European stocks eked out slim gains after opening
in the red, following a near 1% advance a day earlier. Oil and
gas shares led the losses, falling 0.5% on concerns
China's stimulus plans would not do enough to boost demand.
Wall Street was set for a
tepid start
, too, with S&P 500 futures flat. The benchmark S&P
500 and the Dow had closed at record highs for the
second straight session on Tuesday.
The dollar, meanwhile, dipped to its lowest in a month
versus the euro and in two and a half years against the British
pound. U.S. consumer confidence data that showed the largest
decline in sentiment since August 2021 had overnight boosted the
case for a second hefty interest rate cut at the Federal
Reserve's next meeting.
The expectation of another 50-basis point Fed rate cut at
the November meeting jumped to more than 60% from 53% a day
earlier, according to CME Group's FedWatch Tool.
"It feels like more is coming on the rate cutting side,"
said Samy Chaar, chief economist at Lombard Odier in Geneva.
The People's Bank of China followed its announcement of
wide-ranging policy easing on Tuesday with a cut to medium-term
lending rates to banks on Wednesday. Beijing's broad-based
stimulus - the biggest since the pandemic - also includes steps
to boost China's stock market and support for the ailing
property sector.
Mainland Chinese blue chips gained 1.5%, adding
to a 4.3% jump in the prior session. Hong Kong's Hang Seng
climbed 0.7%, adding to Tuesday's 4.1% surge.
While market players welcomed the stimulus, some analysts say
the PBOC's policy weapons don't have the key enemy to economic
growth in their line of sight: persistently weak consumer
demand.
"It's still short of that necessary to really handle the
broad imbalances of the dampening down of domestic demand in
China," Lombard Odier's Chaar said of the measures.
The strong start for Chinese stocks briefly invigorated other
regional indexes, but those gains soon fizzled. MSCI's broadest
index of Asia-Pacific shares outside Japan
gained 0.4%.
"The debate remains intense on whether there are legs to
this rally, though the desk is seeing investors opting to
buy/short cover first and ask questions later," UBS analysts
wrote in a note to clients.
Brent crude futures slipped 0.7% to $74.65 a
barrel, not far from Tuesday's high of $75.87, a level
previously not seen since early September.
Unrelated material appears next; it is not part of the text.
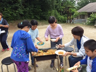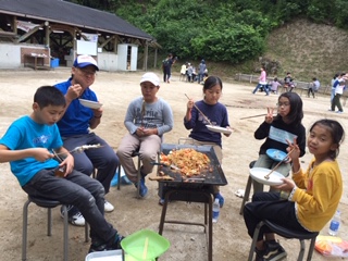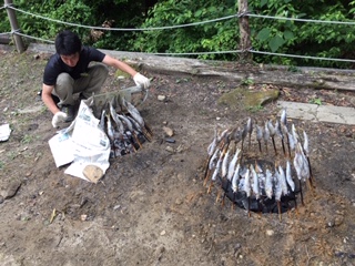 2日目の夕食は、焼きそばと鮎の塩焼きです。キャンプで4回目の野外炊飯ともなるとだんだん手際が良くなります。このあとは、キャンプファイヤーです。

U.S. West Texas Intermediate crude slipped 0.8% to
$71.01 per barrel.
DOLLAR ON THE BACK FOOT
Overall, the dollar stayed on the back foot.
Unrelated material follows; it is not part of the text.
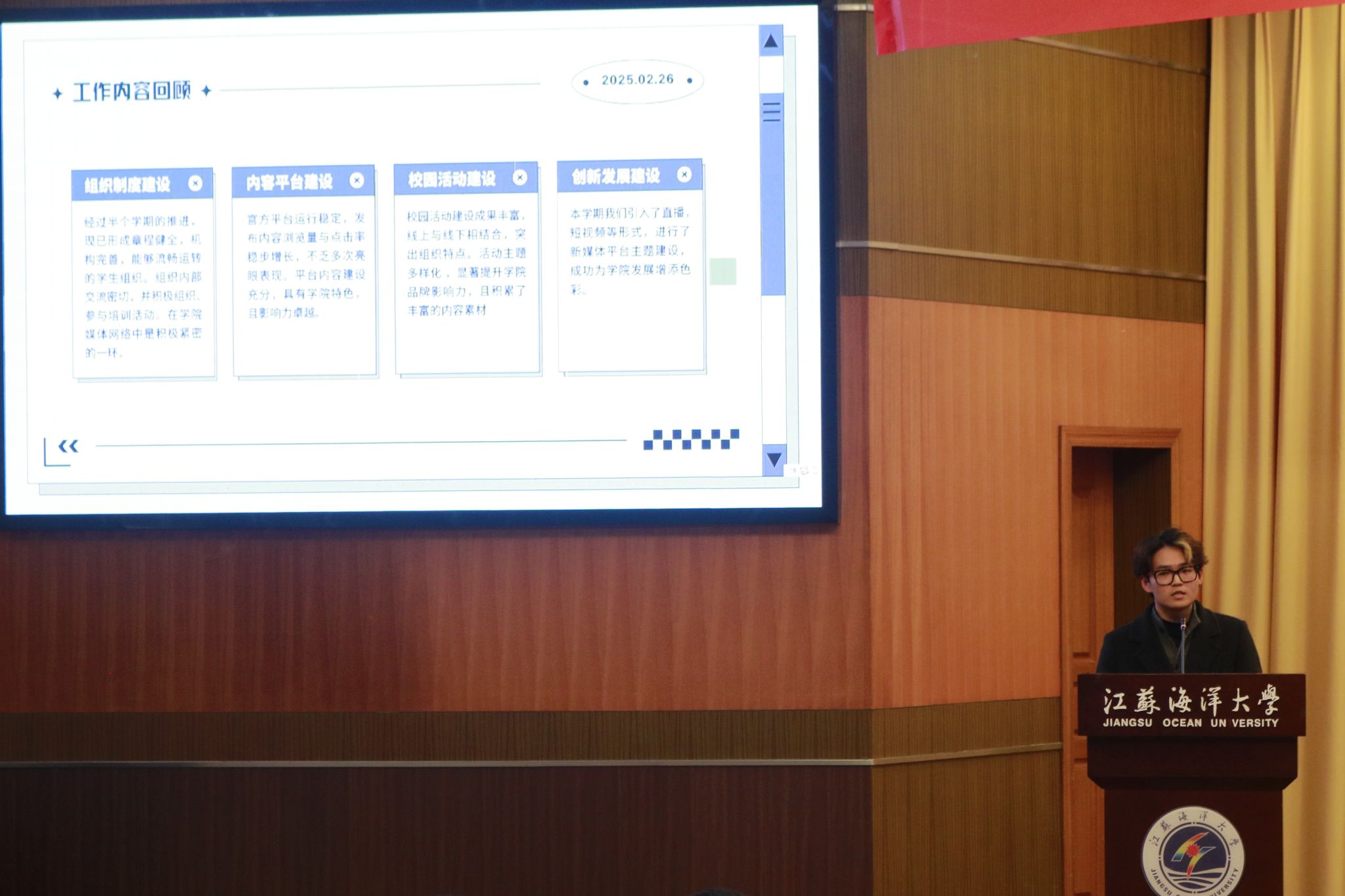 紧接着,学院研究生会、学生会、团委大成以及新媒体发展中心的负责人依次走上讲台,他们分别就自己所在组织的2024年工作回顾、问题总结与反思、新学期的工作部署以及对未来的展望等内容进行了详尽的汇报和深入的交流。通过这样的活动,不仅展示了各个学生组织的风采和能力,也体现了他们对责任和担当的深刻理解。

After China's stimulus, the yuan strengthened to a 16-month
high, crossing the key 7-per-dollar level in offshore trading
before retreating to 7.0173 per dollar.
The euro added 0.1% to $1.1187 after earlier
pushing as far as $1.1199 for the first time since Aug. 26.
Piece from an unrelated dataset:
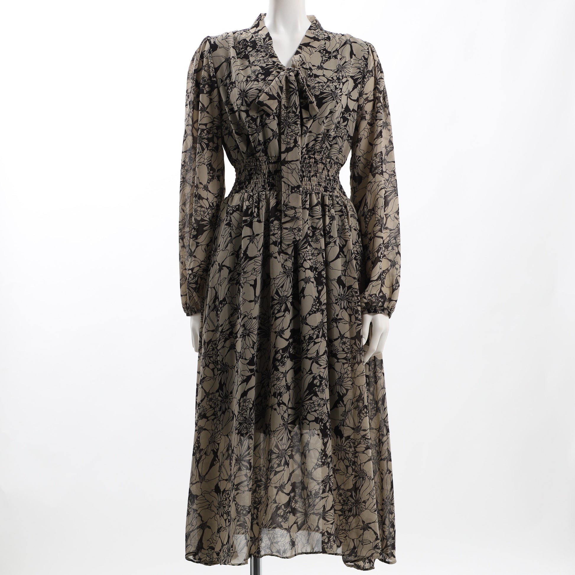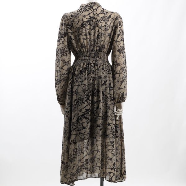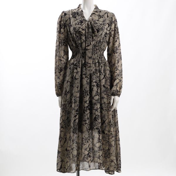 ウエストのゴムシャーリングがポイントの花柄ワンピースです。ラウンドパンプスを合わせてレディライクなスタイルに、スニーカーを合わせてカジュアルなスタイルもいいですね。

The Japanese yen was steady at 143.23 per dollar,
after earlier flipping between moderate gains and losses.
Sterling slipped against the dollar, retreating from a
two-and-a-half-year peak, as investors turn their focus to next
month's British budget and the Bank of England's interest rate
decision due eight days afterwards.
The pound fell 0.3% to $1.3372, marking a break after five
consecutive days of gains.
Meanwhile, Australia's dollar initially scaled its
highest since February of last year at $0.6908 but then slipped
back to sit at $0.68805 after inflation figures showed some
cooling, potentially setting up an earlier rate cut by the
central bank.
"The fall in the underlying measures of inflation is an
unexpected and welcomed surprise," said Tony Sycamore, an
analyst at IG, a brokerage.
Gold marked a new record peak at $2,670.43.